One reason for this difference is retail use of options in America, which has sparked a craze for zero-date-to-expiry (0DTE) contracts facilitated by online zero-commission broker platforms. According to CBOE, 61% of S&P 500 options volume in May was 0DTE, driven by retail. If exchanges want to transform equity derivatives in Europe, retail needs to be involved, insists Mongeot.

“Retail participation is much lower in Europe than it is in the US, and something needs to be done,” he says. “Now in the US, 0DTE equity options is actually 50 to 60% of the volume, and it’s nowhere in Europe”.

Mongeot believes that 0DTE has improved liquidity across the entire US options market.

“It just shows that if you have traction in these options at the front end of the curve, you might have it propagating towards the other end of the curve as well, and probably more trading volume overall,” he says.

There are some encouraging signs in Europe, such as from the Nordic region. “We have seen strong growth in retail participation from the domestic client base”, Nasdaq’s Romani told the TradeTech audience. “The retail flow from online brokers serving the local market has been growing 40% over the past five years”.

European exchanges should also learn to be less tight-fisted when it comes to fees and data feeds, according to Iouri Saroukhanov, head of European derivatives at CBOE.

Iouri Saroukhanov, head of European derivatives, Cboe Europe
Iouri Saroukhanov, head of European derivatives, Cboe Europe.

“[The industry] can start being more generous with our data that we give to the retail participants. We [CBOE] offer it for free. We are committed to that. I’m sure there’s other ways of doing zero-fee retail broking. That’s what actually allowed retail to spring up in the US. So, let’s have a look at some of the lessons from across the pond.”

Others warn that retail growth in Europe will have to wait for an easing of over-coddling regulation and the development of a risk culture, moves which have only just begun.

De-fragmenting European listed derivatives
In the meantime, industry participants urge getting to grips with the perennial bugbear of fragmentation. This can mean a number of things, from multiple exchanges offering the same contracts which have low levels of liquidity, and the lack of interoperability between Europe’s numerous clearing houses.

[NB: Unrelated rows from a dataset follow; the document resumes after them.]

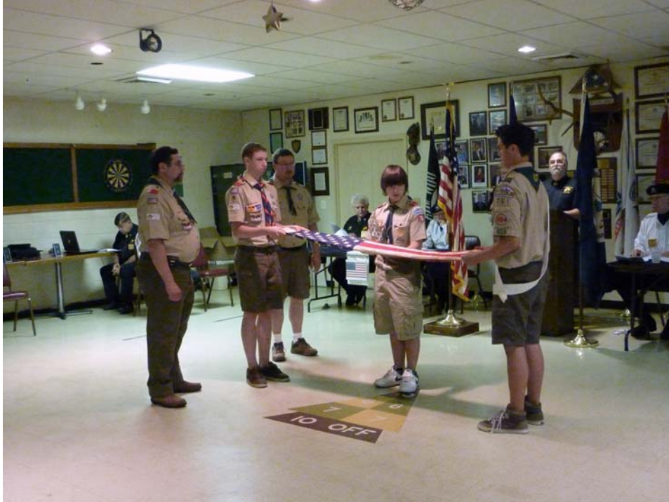
Left to Right

Due to the VEA State convention the lodge held it Flag Day ceremony on June 20 th . The lodge would like to thank Boy Scout Troop 761 for conducting the Flag Folding Ceremony and our Officers for conducting an inspiring program to celebrate Flag Day.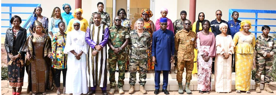
Stage UN-CIMIC 1 - 22 Japon du 28 Février au 11 mars 2022

Civil-Military Coordination of the United Nations (UN-CMIC) February 28 – Mars 11, 2022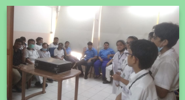
MANOVIKAS KENDRA A step towards Inclusive Education!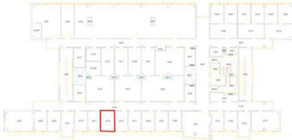
Pittsburgh Technology Center Floor 4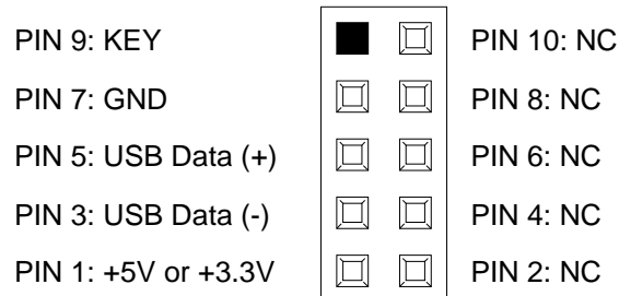
Figure 1: 10-pin socket pinout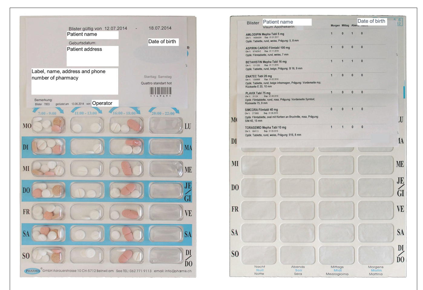
FIGURE 1 | Multidrug punch card. Front side (left): 28 plastic cavities with visible packaged medication and labeling with patient and pharmacy information. Back side (right): 28 cavities sealed with foil and marked with indication of dosing time (morning, lunch, evening,

Multidrug punch cards are disposable frame cards with plastic cavities, sealed with a foil backing, with typically 28 compartments, filled by pharmacy staff, by a specialized company or an automated system ( Figure 1 ). They provide a visual reminder for medication intake, the possibility of adherence self-monitoring and the saving of time, costs, healthcare resources (e.g., home care nursing), and medication waste. Multidrug punch cards were introduced in Switzerland in 2002 together with a documentation software for community pharmacies (Pharmis GmbH).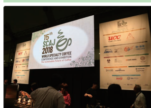
Competition area (event stage) *2

Your company logo will be shown at two special event stages.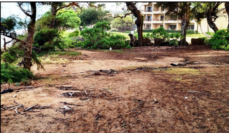
Debris line 20 feet mauka of Coconut Plantation's certified shoreline

Further north, at the undeveloped Coconut Plantation Resort, a king tide event occurred in July 2017 where the high wash of the waves extended 20 feet mauka of the certified shoreline, almost reaching the location of the county's proposed path (see photo below).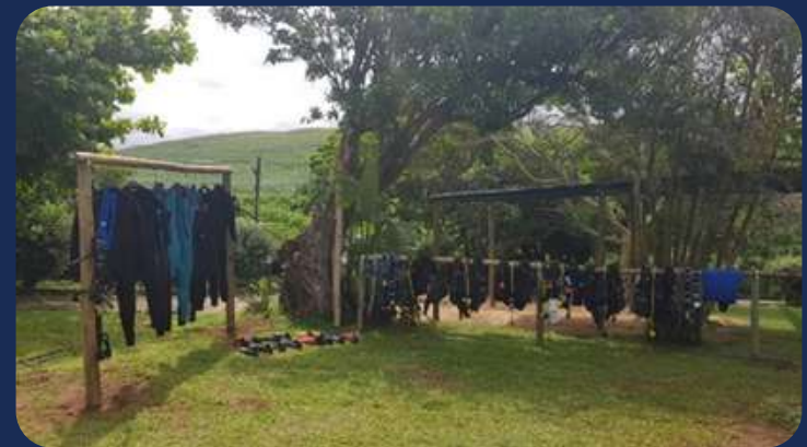
Inside our dive centre main area, tea station, separate gear room and compressor room. Gear wash and dry area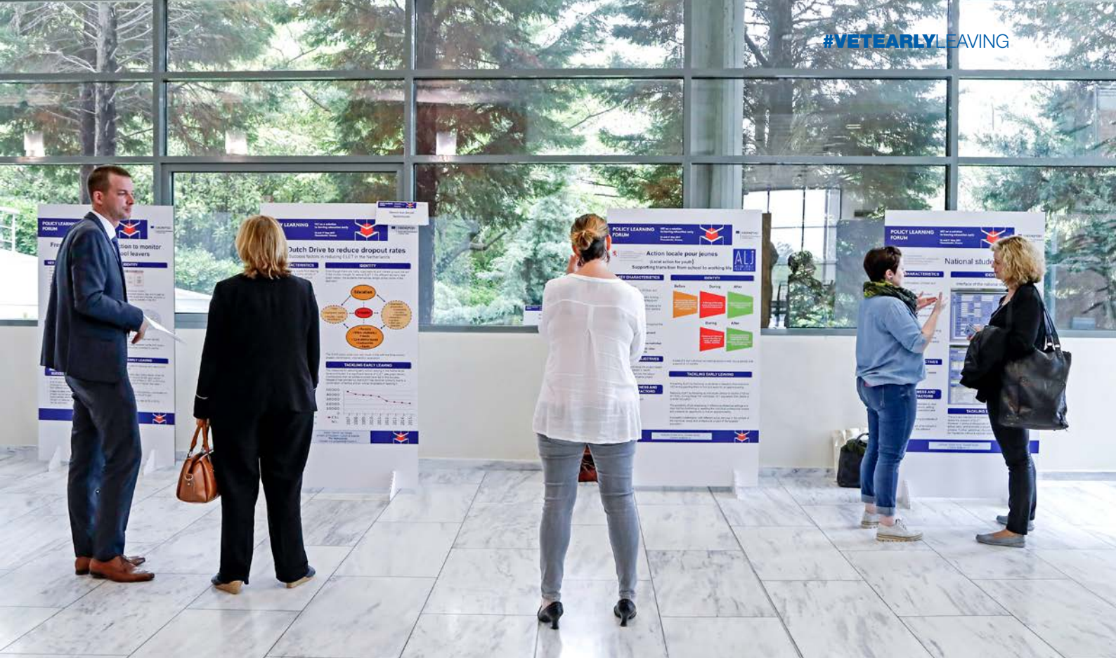
Poster exhibition – Cedefop’s policy learning forum on VET as a solution to early leaving

and mental health services, law enforcement, and labour market aspects (including input from employers) are often used to assist efforts from parents/guardians and educators. PACA (VET portal) in Portugal is a digital platform that records key information – such as attendance, absence, competences and evaluation – in an online learner profile accessible to outside interests who can help improve prospects for the individual, as well as teachers and parents or guardians.

Charlotte Alliot, Euronext
Charlotte Alliot, Euronext.

Charlotte Alliot, head of financial derivatives at Euronext questioned the framing of the debate in her comments at TradeTech. “The issue is not fragmentation, it’s culture. Because if you look in Germany or France, they do structured products rather than options. When you go to Holland, the minister used to be an options trader. Everyone does options, and it’s fantastic. And if you go to Italy, they love fixed income, and they like futures.”

Meanwhile, CBOE Europe, which is not competing against European listing exchanges with new contracts [in the equity space], focuses on the clearing problem. CBOE’s Saroukhanov told the TradeTech audience, “Fragmentation comes up a lot, and we’re offering pan-European access and also pan-European clearing as well. When you start talking about equity options and the multiple central securities depositories (CSDs) that we have in Europe, it’s hugely important to be able to offset options against equity flows and here, clearing is extremely important”.

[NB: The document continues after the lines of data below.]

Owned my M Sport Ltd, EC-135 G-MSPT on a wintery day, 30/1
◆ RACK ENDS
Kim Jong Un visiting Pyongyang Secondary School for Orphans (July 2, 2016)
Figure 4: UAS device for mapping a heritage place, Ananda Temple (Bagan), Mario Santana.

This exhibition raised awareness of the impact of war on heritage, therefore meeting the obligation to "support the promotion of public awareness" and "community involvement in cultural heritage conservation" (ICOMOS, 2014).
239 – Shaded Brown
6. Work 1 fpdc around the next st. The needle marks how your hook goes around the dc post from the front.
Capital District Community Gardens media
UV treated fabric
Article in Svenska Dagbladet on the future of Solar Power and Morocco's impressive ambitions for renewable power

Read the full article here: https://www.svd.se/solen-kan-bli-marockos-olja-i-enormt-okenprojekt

According to the sell-side, fragmentation is no longer an obstacle. “The level of sophistication from our clients has gone up”, Goldman’s Nehorai told the IDX audience. “Because of the increased use of futures across every asset class in every region, they want to maximize their leverage through optimizing their margin, whether that’s posting different types of collateral or forcing prime brokers to provide margin offsets within their own risk models, or choosing to execute the future, or give an exchange where they have an existing position around the future that gives them a correlated margin offset”.

Yet the public numbers still fail to support such assertions. Even Goldman’s own quarterly Federal Reserve disclosures show the firm’s equity futures positions lagging well behind OTC equity derivatives notionals. Exchange derivatives volumes are still dominated by their biggest index products rather than new contracts. When it comes to futurisation, the jury is still out.